The College Board began its first pilot for AP African American Studies this year, and it has become a major talking point in the national political realm.

The College Board, the non-profit behind SAT testing and Advanced Placement (AP) courses, has been developing their first ever course focused specifically on Black Americans: AP African American Studies. The course is currently being piloted in a handful of schools across the United States, with a full global launch scheduled for August of 2024.

The course will be the first in-depth look into Black history for many high school students as it continues to expand across the country.

AP African American Studies can be introduced at Eaglecrest High School as early as 2024. (Marcus Turner)

“You guys know about the Civil Rights Movement, you know about Martin Luther King, Rosa Parks, [and] Malcolm X. But now with this course, we have more opportunities to teach about people you never hear about, like Ida B. Wells-Barnett, W.E.B. Du Bois, [and] Frederick Douglass. We can go more in depth into the successes of history versus just focusing on the negatives,” Overland AP African American Studies teacher Nathan Umetsu said.

Typically, introducing a new AP course is a years-long process that comes with a series of roadblocks. Those challenges generally relate to the quantity of students willing to take the course and adjusting the difficulty of a college-level class for high schoolers. 

But AP African American Studies is facing a unique political contest.

The College Board began developing AP African American Studies in 2020 amid the George Floyd protests, and began a pilot program in just over 60 schools across the country, including Overland High School, in August 2022.

The pilot quickly grew to be controversial, with the Florida Department of Education outright banning the course under the administration of Governor Ron DeSantis. The controversy comes as the latest chapter in an ongoing political fight concerning what is being taught inside public schools.

“Buzzwords are being thrown around. They are words that when people hear they would get angry about when they look at the curriculum. Unfortunately, that is just how it is right now, in this society,” Umetsu said.

The College Board released guidelines for AP African American Studies on February 1st, coinciding with the first day of Black History Month. This is standard practice for AP courses, with every one currently available having its guidelines publicly available on the College Board website.
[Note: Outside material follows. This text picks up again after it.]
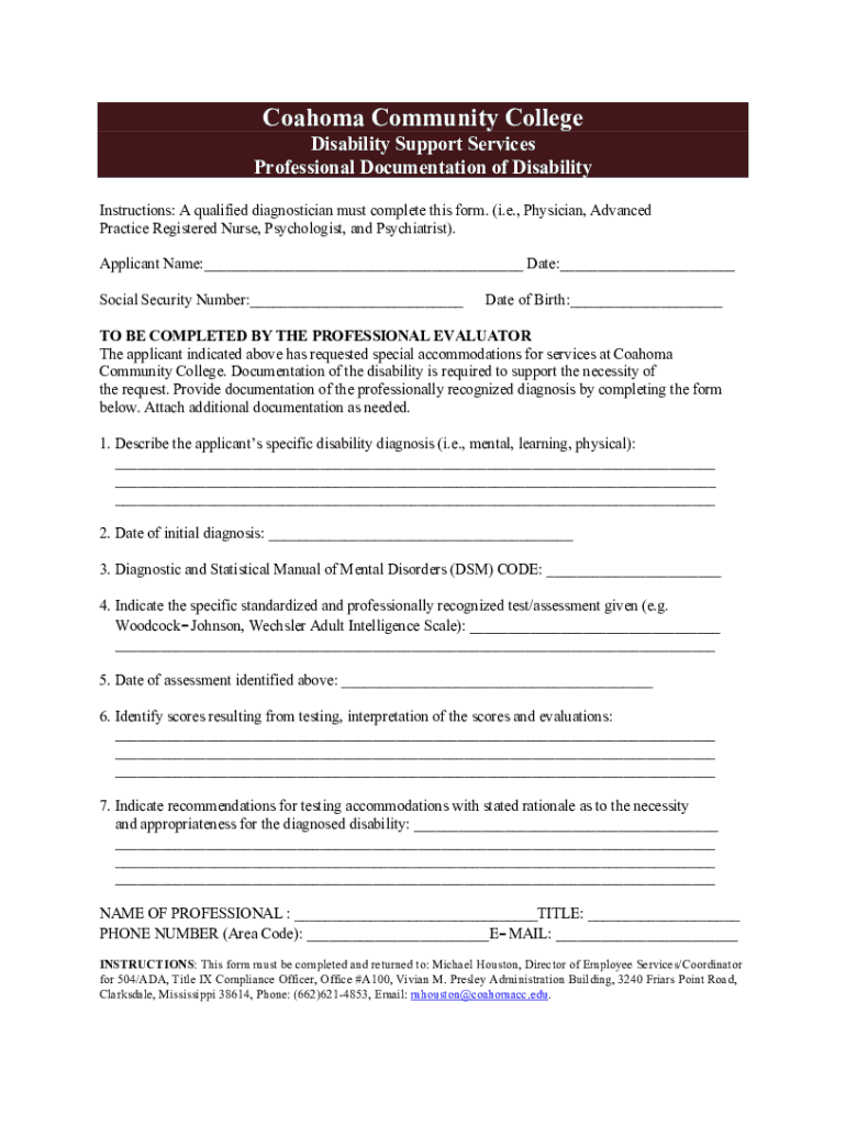 Coloma Community College Disability Support Services Professional Documentation of Disability Instructions: A qualified diagnostician must complete this form. (i.e., Physician, Advanced Practice Registered

“I would encourage anybody that has a problem with this class, or anybody who is just interested in the class, to go to the College Board website and see what the curriculum is, because I think they would be pleased to see that it is a genuine class about the African American experience,” AP U.S. Government teacher Faith Vigil said.

As the course continues to change, the pilot course is expected to expand en route to a full release in the 2024-25 school year.

Overland High School, a member of the Cherry Creek School District alongside Eaglecrest, is the only school in Colorado and one of 63 schools in the country currently offering AP African American Studies. (Photo: CBS Colorado)

“This year, there were 63 schools across the nation who are piloting this course for students. Next year, they’ll expand that number to 650 schools nationwide. So the program is growing, and we are super excited to see where it is going to lead,” Umetsu said.

The College Board has and will continue to make routine changes to the course, but has publicly denied the influence of these controversies over those decisions.

“We have made the mistake of treating FDOE [Florida Department of Education] with the courtesy we always accord to an education agency, but they have instead exploited this courtesy for their political agenda,” the College Board said in a recent statement. “Florida is attempting to claim a political victory by taking credit retroactively for changes we ourselves made but that they never suggested to us.”

Desite the pushback, everything seems to be business as usual behind the scenes. Whether people agree with it or not,  AP African American Studies is coming soon, and it seems that the course’s controversies may be ignored in the process.